Repeat the lines below exactly as they appear, but leave out the images.

──────── Available records ────────

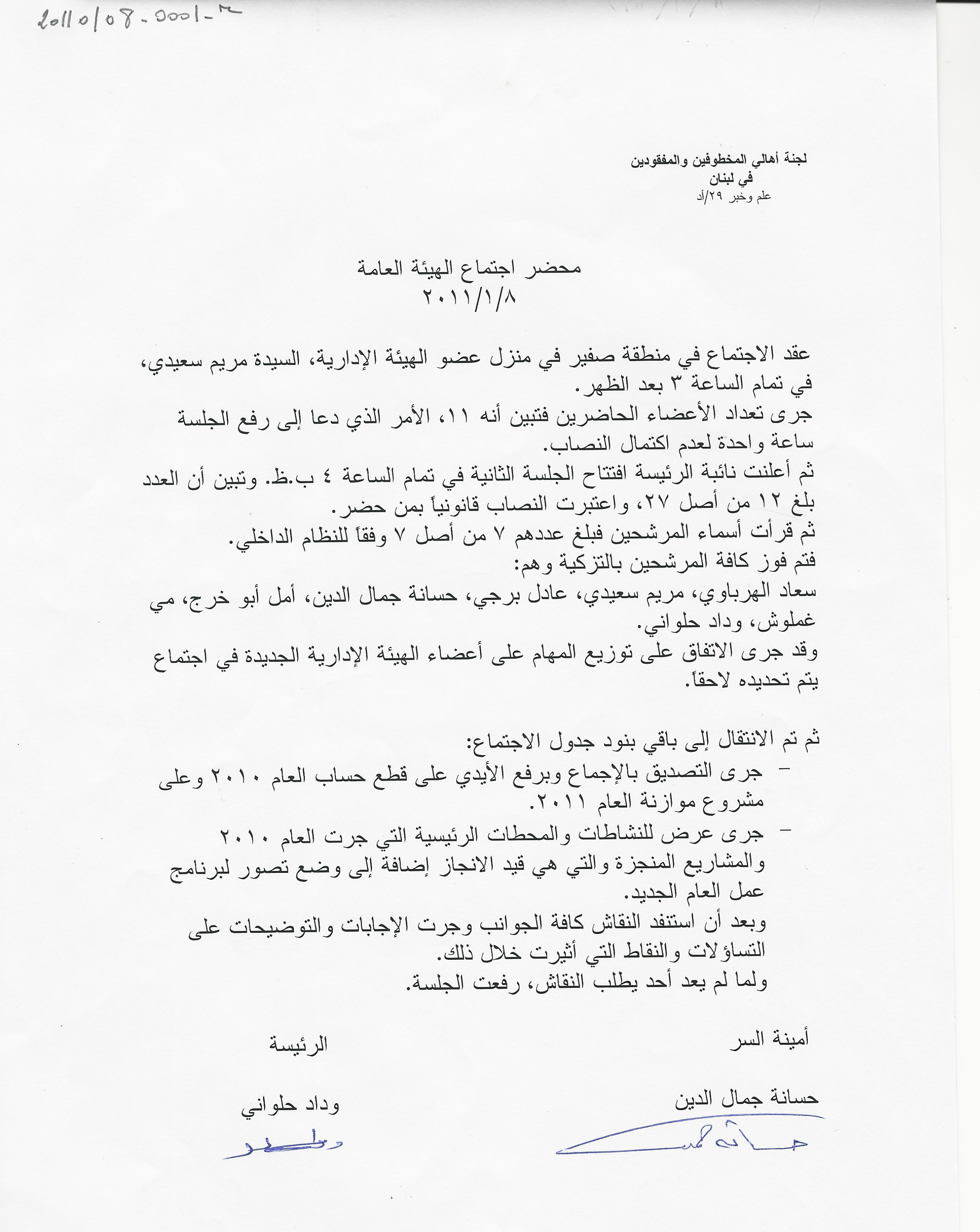 محضر اجتماع الهيئة الادارية للجنة الاهالي :السبت 8، 1، 2011
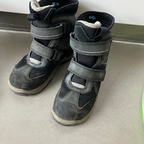 ECCO drengestøvler i mørkeblå farve. Støvlerne har to velcrolukninger over vristen for nem af- og påtagning. Overdelen er i tekstil med forstærkninger ved tå og hæl, og sålen er lys med mønster for bedre fodfæste.
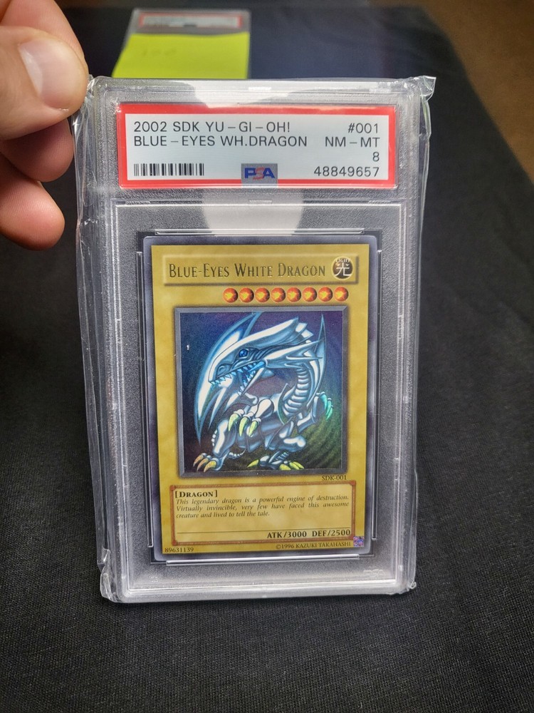 2002 SDK YU-GI-OH! BLUE EYES WHITE DRAGON #001 PSA 8. Condition is Graded. Shipped with USPS Ground Advantage....
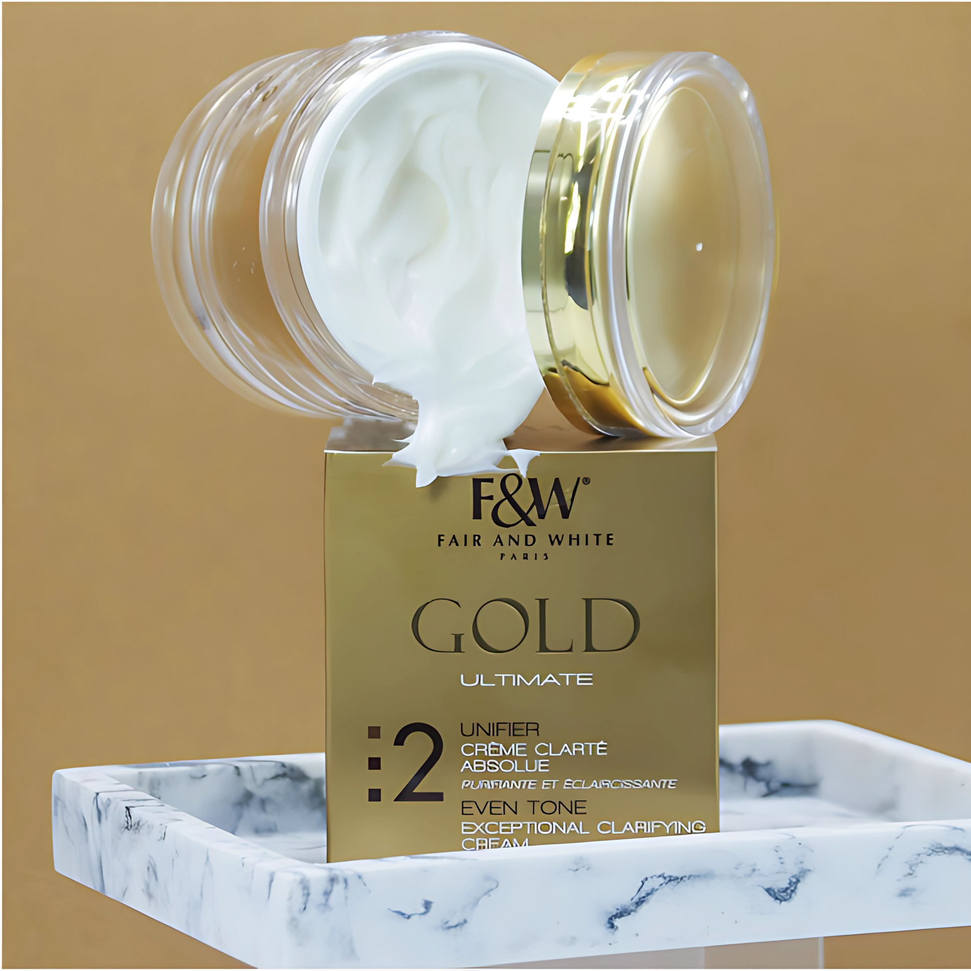 Description: Fair and White's Gold Exceptional Clarifying Cream purifies, nourishes and softens skin, promoting a brighter luminous, silky complexion.
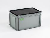 Caixa com tampa empilhável 600x400x340 mm, 60L, cinza
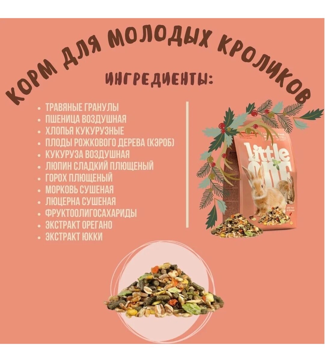 Сухой корм для кроликов молодых / смесь кормовая зерновая для грызунов little one 400г х 2 упаковки
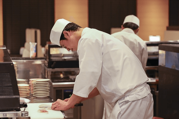 チェーン店でありながら板前のいる廻転寿司にぎり長次郎。魚を〆て、さばいて、にぎる。板前の仕事ぶりを、ぜひその目でお確かめください。
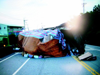 中新網(wǎng)8月24日電 據(jù)臺灣《聯(lián)合報》報道,一輛載滿賑災(zāi)物資準(zhǔn)備送到臺東縣太麻里的大貨車,二十三日清晨行經(jīng)花蓮縣富里鄉(xiāng)臺九省道時翻覆,貨車司機(jī)余正輝當(dāng)場死亡,隨車助理林清華輕傷。警方抽血檢測,懷疑余正輝酒后駕車,車速過快才發(fā)生意外。
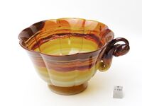 Коллекция Поделочные и драгоценные камни, №1524. Чашка с ручкой работы Фаберже начала ХХ века. Агат, резьба по камню d=10 h=6.5 Вес 197,9 г. Длина экспоната 10 см.
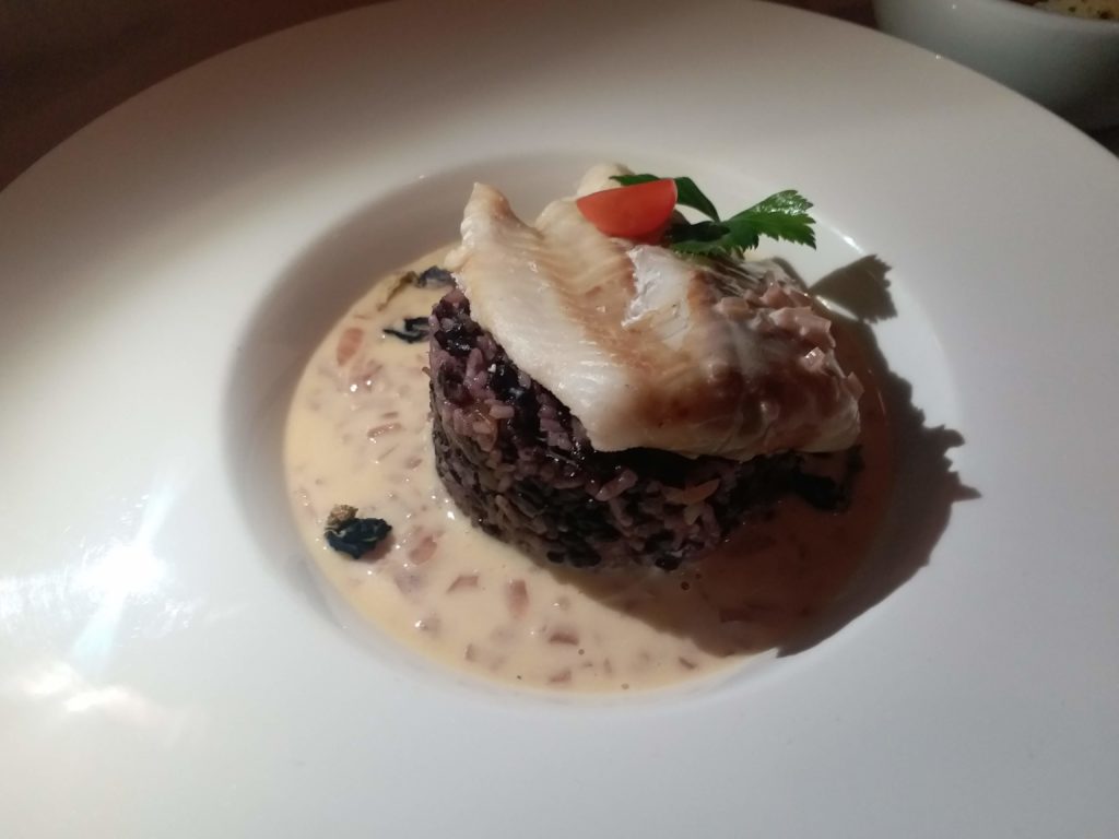 Reader, we took on the fish (RM38), and it was executed with finesse. Poached in a flavored water that included, and was not limited to, wine and herbs, it absorbed these aromas without overpowering the delicate nature of the white fish fillet. Served on a bed of black rice, and a cream sauce, it was perfect, light, and precisely what we would order again when we return for dinner.
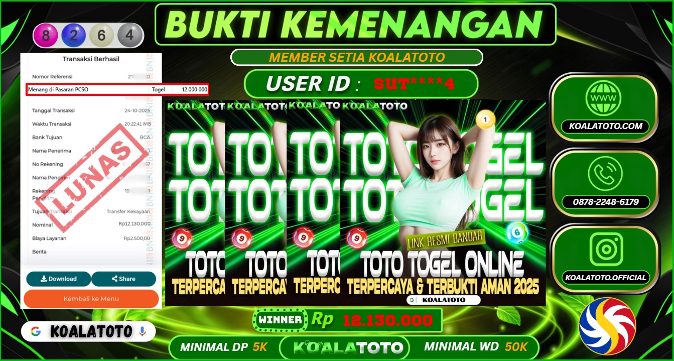 KOALATOTO JACKPOT TOGEL PCSO || Rp.12.130.000.,- DI BAYAR LUNAS !!!
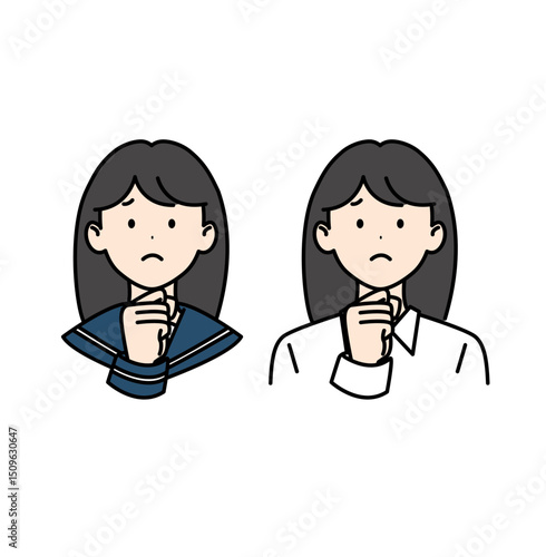 黒髪ロングの女子高生 セーラー ワイシャツ 困る
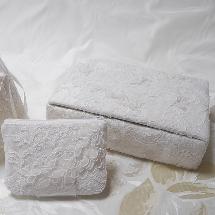 ウェディングドレスからアクセサリーボックスとポーチにリメイクしました。
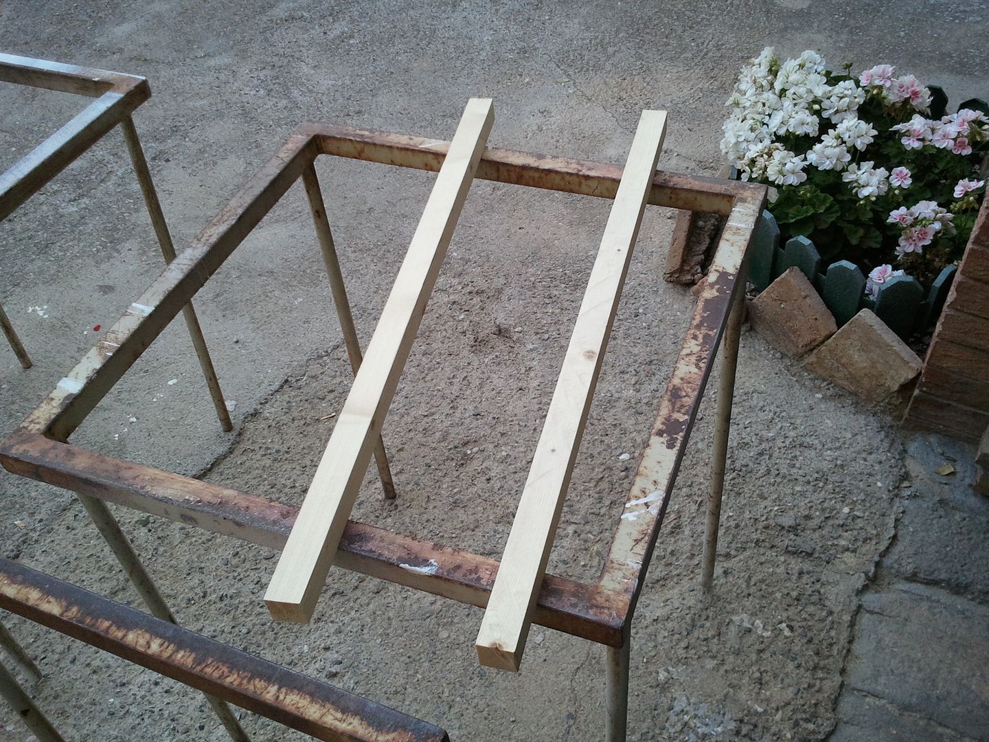 Y esto con los listones que he cortado a medida, que seran donde se apoye la litera. Estos como otros los he cortado de un liston de 45x60mm con le que iba hacer la litera en otro lado, y para aprobecharlo lo corto a lo que necesito.
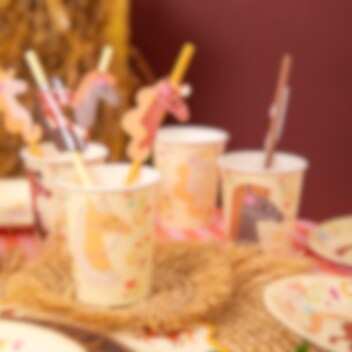 Anna hevosten laukata suoraan juhliin näiden hienojen paperipillien avulla. Hauska yksityiskohta, joka sopii täydellisesti lastenjuhliin, ratsastusteemaan tai piknikille tallilla.
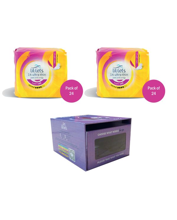 Lil-Lets Supersoft Sanitary Pads Normal x14 Pack of 24 Buy 2 Get FOC Dispenser
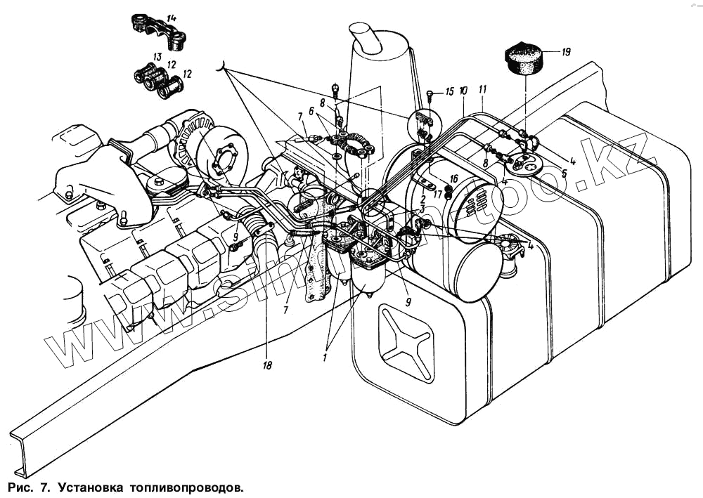 Каталог запасных частей к технике: МАЗ-54321. Установка топливопроводов
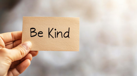 Handwritten note reading Be Kind on white background, perfect for World Kindness Day themes with copy space
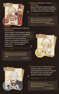Caelus: With this, Anaxa completed the proof of his hypothesis regarding creation, casting the pivotal vote at the citzens' assembly — ensuring the “Flame-Chase Journey” would continue. After returning Cerces's Coreflame, he too reached his own end. Now, only the Coreflames of Sky and Worldbearing remain. The Chrysos Heir's journey is drawing to its final chapter…

────────

◆ **Response**:
 محضر اجتماع الهيئة الادارية للجنة الاهالي :السبت 8، 1، 2011
 ECCO drengestøvler i mørkeblå farve. Støvlerne har to velcrolukninger over vristen for nem af- og påtagning. Overdelen er i tekstil med forstærkninger ved tå og hæl, og sålen er lys med mønster for bedre fodfæste.
 2002 SDK YU-GI-OH! BLUE EYES WHITE DRAGON #001 PSA 8. Condition is Graded. Shipped with USPS Ground Advantage....
 Description: Fair and White's Gold Exceptional Clarifying Cream purifies, nourishes and softens skin, promoting a brighter luminous, silky complexion.
 Caixa com tampa empilhável 600x400x340 mm, 60L, cinza
 Сухой корм для кроликов молодых / смесь кормовая зерновая для грызунов little one 400г х 2 упаковки
 チェーン店でありながら板前のいる廻転寿司にぎり長次郎。魚を〆て、さばいて、にぎる。板前の仕事ぶりを、ぜひその目でお確かめください。
 中新網(wǎng)8月24日電 據(jù)臺灣《聯(lián)合報》報道,一輛載滿賑災(zāi)物資準(zhǔn)備送到臺東縣太麻里的大貨車,二十三日清晨行經(jīng)花蓮縣富里鄉(xiāng)臺九省道時翻覆,貨車司機(jī)余正輝當(dāng)場死亡,隨車助理林清華輕傷。警方抽血檢測,懷疑余正輝酒后駕車,車速過快才發(fā)生意外。
 Коллекция Поделочные и драгоценные камни, №1524. Чашка с ручкой работы Фаберже начала ХХ века. Агат, резьба по камню d=10 h=6.5 Вес 197,9 г. Длина экспоната 10 см.
 Reader, we took on the fish (RM38), and it was executed with finesse. Poached in a flavored water that included, and was not limited to, wine and herbs, it absorbed these aromas without overpowering the delicate nature of the white fish fillet. Served on a bed of black rice, and a cream sauce, it was perfect, light, and precisely what we would order again when we return for dinner.
 KOALATOTO JACKPOT TOGEL PCSO || Rp.12.130.000.,- DI BAYAR LUNAS !!!
 黒髪ロングの女子高生 セーラー ワイシャツ 困る
 ウェディングドレスからアクセサリーボックスとポーチにリメイクしました。
 Y esto con los listones que he cortado a medida, que seran donde se apoye la litera. Estos como otros los he cortado de un liston de 45x60mm con le que iba hacer la litera en otro lado, y para aprobecharlo lo corto a lo que necesito.
 Anna hevosten laukata suoraan juhliin näiden hienojen paperipillien avulla. Hauska yksityiskohta, joka sopii täydellisesti lastenjuhliin, ratsastusteemaan tai piknikille tallilla.
 Lil-Lets Supersoft Sanitary Pads Normal x14 Pack of 24 Buy 2 Get FOC Dispenser
 Каталог запасных частей к технике: МАЗ-54321. Установка топливопроводов
 Handwritten note reading Be Kind on white background, perfect for World Kindness Day themes with copy space
Caelus: With this, Anaxa completed the proof of his hypothesis regarding creation, casting the pivotal vote at the citzens' assembly — ensuring the “Flame-Chase Journey” would continue. After returning Cerces's Coreflame, he too reached his own end. Now, only the Coreflames of Sky and Worldbearing remain. The Chrysos Heir's journey is drawing to its final chapter…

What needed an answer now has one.